### Supplied material
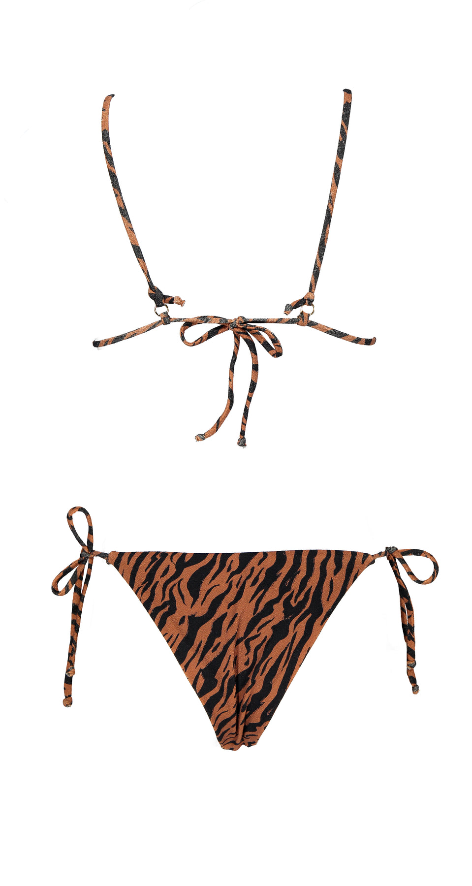 Top com formato triangular, com base de peito "cortina" permitindo ajustar o tamanho da copa ao tamanho do peito. Aperta atrás com laço ou pode dar a voltas à barriga. Sem aros. Com abertura para copas amovíveis.
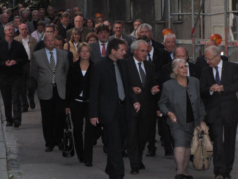 Die festliche Einweihung der Synagoge am 8. September 1909 sei ein besonderes Ereignis für die jüdische Gemeinde und für die Stadt gewesen, erinnert Oberbürgermeister Dr. Ivo Holzinger in seiner Ansprache. „Sie markierte einen Höhepunkt der guten Beziehungen zwischen Juden und Christen in Memmingen.“ Die jüdischen Mitbürger hätten zur wirtschaftlichen Blüte der Stadt erfolgreich beigetragen. „Diese gute Integration sollte keine 30 Jahre Bestand haben. Die tragische Geschichte der Memminger Synagoge macht uns klar, dass gute Integration kein auf alle Zeit zementierter Zustand ist“, mahnt das Stadtoberhaupt. Es gelte stets, sich weiterhin für das gute Verhältnis zu den vielen ausländischen Mitbürgern der Stadt einzusetzen.
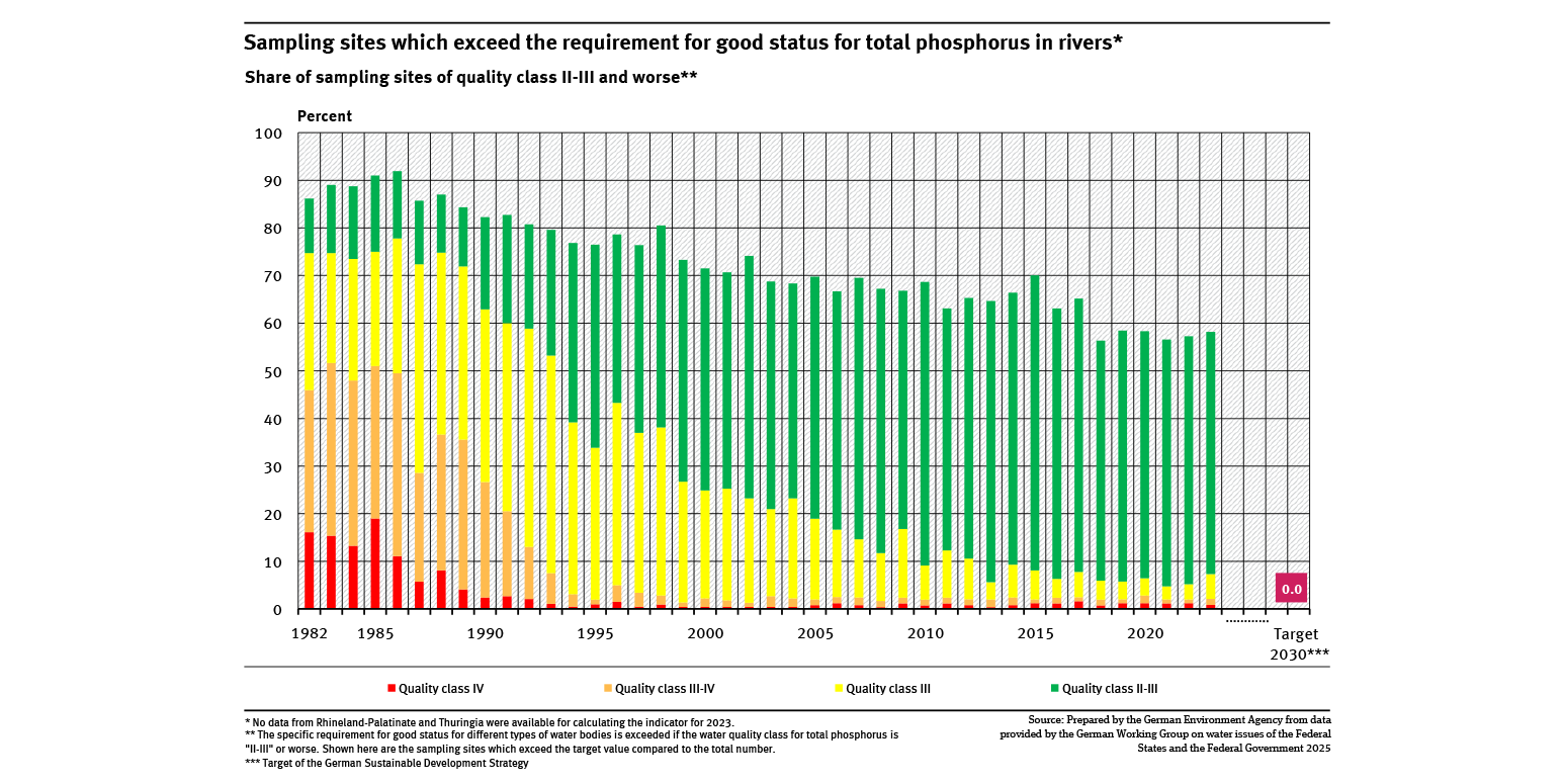 In the early 1980s, excessive phosphorus concentrations were measured at almost 90 % of sampling sites. Since 2018 this share has remained slightly below 60 %. However, if the poorer quality classes are considered, then a further improvement can be seen. Overall, the share of sampling sites where the requirement for phosphorus was exceeded has decreased. This improvement is mainly the result of introducing phosphate-free washing powders and phosphate precipitation in the larger sewage treatment plants.
######
**Brief**
Beginning with the line that contains "Die festliche Einweihung" and ending with the last line of the data above, output those lines exactly and nothing more, without any pictures.

**Written answer**
 Die festliche Einweihung der Synagoge am 8. September 1909 sei ein besonderes Ereignis für die jüdische Gemeinde und für die Stadt gewesen, erinnert Oberbürgermeister Dr. Ivo Holzinger in seiner Ansprache. „Sie markierte einen Höhepunkt der guten Beziehungen zwischen Juden und Christen in Memmingen.“ Die jüdischen Mitbürger hätten zur wirtschaftlichen Blüte der Stadt erfolgreich beigetragen. „Diese gute Integration sollte keine 30 Jahre Bestand haben. Die tragische Geschichte der Memminger Synagoge macht uns klar, dass gute Integration kein auf alle Zeit zementierter Zustand ist“, mahnt das Stadtoberhaupt. Es gelte stets, sich weiterhin für das gute Verhältnis zu den vielen ausländischen Mitbürgern der Stadt einzusetzen.
 In the early 1980s, excessive phosphorus concentrations were measured at almost 90 % of sampling sites. Since 2018 this share has remained slightly below 60 %. However, if the poorer quality classes are considered, then a further improvement can be seen. Overall, the share of sampling sites where the requirement for phosphorus was exceeded has decreased. This improvement is mainly the result of introducing phosphate-free washing powders and phosphate precipitation in the larger sewage treatment plants.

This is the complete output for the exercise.